_Instructions to follow_: Exact copies of the lines below, from the one with "从历史上来看,黄金经历过3次" up to and including the one with "- Durable Titanium", are what this calls for; leave out pictures.

==============================

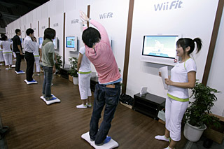 傳統(tǒng)游戲玩家常獲稱“沙發(fā)里的土豆”,意思是他們整天坐在沙發(fā)里打游戲。而任天堂公司2006年11月推出的Wii游戲機與傳統(tǒng)游戲機最大的不同之處在于,玩家可以手持兩個無線手柄,站在游戲畫面顯示屏前,根據(jù)情節(jié)需要,揮動手柄,并配合做出種種動作。 例如,在一款拳擊游戲中,玩家揮出一拳,屏幕上代表玩家的卡通形象也會隨之揮出一拳;在高爾夫游戲中,玩家揮桿擊球,動作會相應(yīng)傳入游戲情節(jié)中。這一過程中,游戲機的手柄起到了傳感玩家動作的作用,使玩家在玩游戲時獲得一種身臨其境的感覺。 Wii操作方式簡單、容易上手,讓難以掌握復雜操作的學齡前兒童和對新型電子設(shè)備接受度差的中老年人可以輕松學會使用。 相對而言,Wii的新一代產(chǎn)品Wii Fit更強調(diào)娛樂和健身相結(jié)合。Wii Fit中附帶了類似體重秤的檢測板,可以測出玩家身體成分構(gòu)成。 Wii Fit中的游戲多與運動項目有關(guān),譬如呼啦圈、回環(huán)滑雪、走鋼絲和慢跑等。此外,玩家還可以用這款游戲機做瑜伽、有氧運動和肌肉訓練。游戲過程中,玩家運動越多,游戲畫面顯示屏上顯示的分值越高。 按照任天堂的設(shè)計,Wii Fit游戲機猶如一款健康檢測儀,可以測出玩家的年齡、身高、體重以及身體成分構(gòu)成等。此外,這款游戲機還能針對玩家的身體狀況提出建議,如“您的身體平衡能力不太好”和“您體內(nèi)的脂肪過多,需要加強鍛煉”等。 任天堂公司稱,Wii Fit游戲機能夠“幫助每一名家庭成員輕松、快樂地鍛煉身體”,定期玩Wii Fit游戲機能強身健體。 任天堂2006年推出Wii游戲機時銷量可觀。而今年4月推出的Wii Fit游戲機更受玩家歡迎。據(jù)統(tǒng)計,推出Wii Fit最初兩星期內(nèi),僅在英國就售出33.8萬臺。
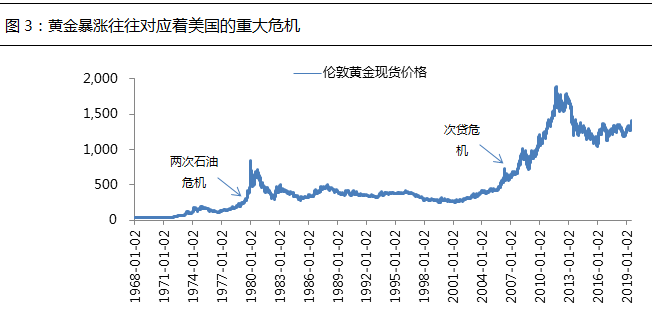 从历史上来看,黄金经历过3次暴涨。第一次是美国大萧条期间,为了放松银根刺激经济,罗斯福在1933年宣布美元与黄金脱钩,黄金随之大涨。第二次是在两次石油危机期间,美国出现严重滞涨的局面,黄金价格在此期间大涨。第三次是在次贷危机之后,美联储陆续推出三轮QE政策,黄金价格因此大涨。综合以上3次黄金暴涨的经验,黄金的大行情往往对应着美国的重大危机。
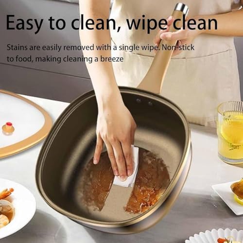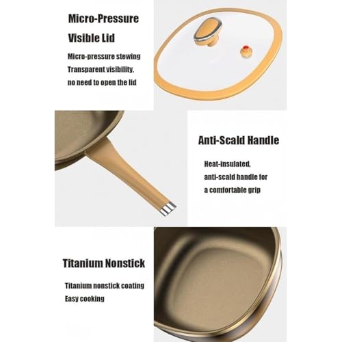 - Durable Titanium Alloy Construction: Built with a premium titanium alloy base reinforced with fine iron, this non-stick pot delivers long-lasting strength and excellent resistance to warping. The sturdy build ensures even heat distribution across the surface, helping you achieve consistent results whether you are frying, stewing, or braising different dishes
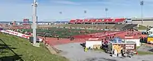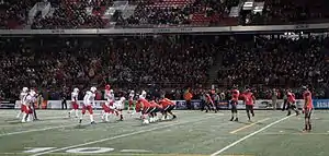 In the following season, Laval lost a Vanier Cup game for the first time in program history, as they fell 41-38 to the McMaster Marauders in double overtime in the 2011 Vanier Cup.[15][16] This game was played at BC Place and was the first Vanier Cup to be played in Vancouver.[15] The Rouge et Or would exact a measure of revenge the following year in a rematch against the Marauders in the 48th Vanier Cup.[17] The team won a Canadian collegiate record seventh Vanier Cup championship in front of an also record crowd of 37,098 fans at the Rogers Centre in Toronto by a score of 37–14.[17] In 2013, they won back-to-back national championships for the second time in program history when they defeated the Calgary Dinos in the 49th Vanier Cup by a score of 25–14.[18] The game was again played at Telus Stadium on the campus of Laval University in front of 18,543 fans.[18]
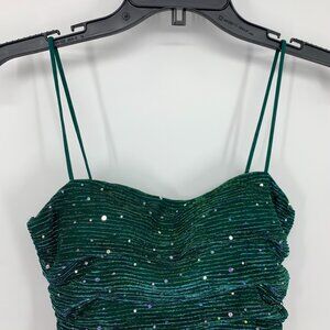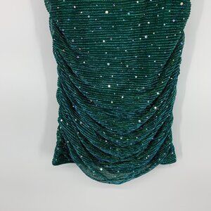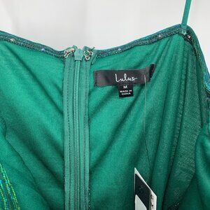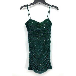 Lulus Dress Womens Size Medium Flirty Vibes Green Metallic Sparkly Sequin Ruched Mini Sleeveless Bodycon Cocktail.

==============================

_Output of the task_:
 从历史上来看,黄金经历过3次暴涨。第一次是美国大萧条期间,为了放松银根刺激经济,罗斯福在1933年宣布美元与黄金脱钩,黄金随之大涨。第二次是在两次石油危机期间,美国出现严重滞涨的局面,黄金价格在此期间大涨。第三次是在次贷危机之后,美联储陆续推出三轮QE政策,黄金价格因此大涨。综合以上3次黄金暴涨的经验,黄金的大行情往往对应着美国的重大危机。
 - Durable Titanium Alloy Construction: Built with a premium titanium alloy base reinforced with fine iron, this non-stick pot delivers long-lasting strength and excellent resistance to warping. The sturdy build ensures even heat distribution across the surface, helping you achieve consistent results whether you are frying, stewing, or braising different dishes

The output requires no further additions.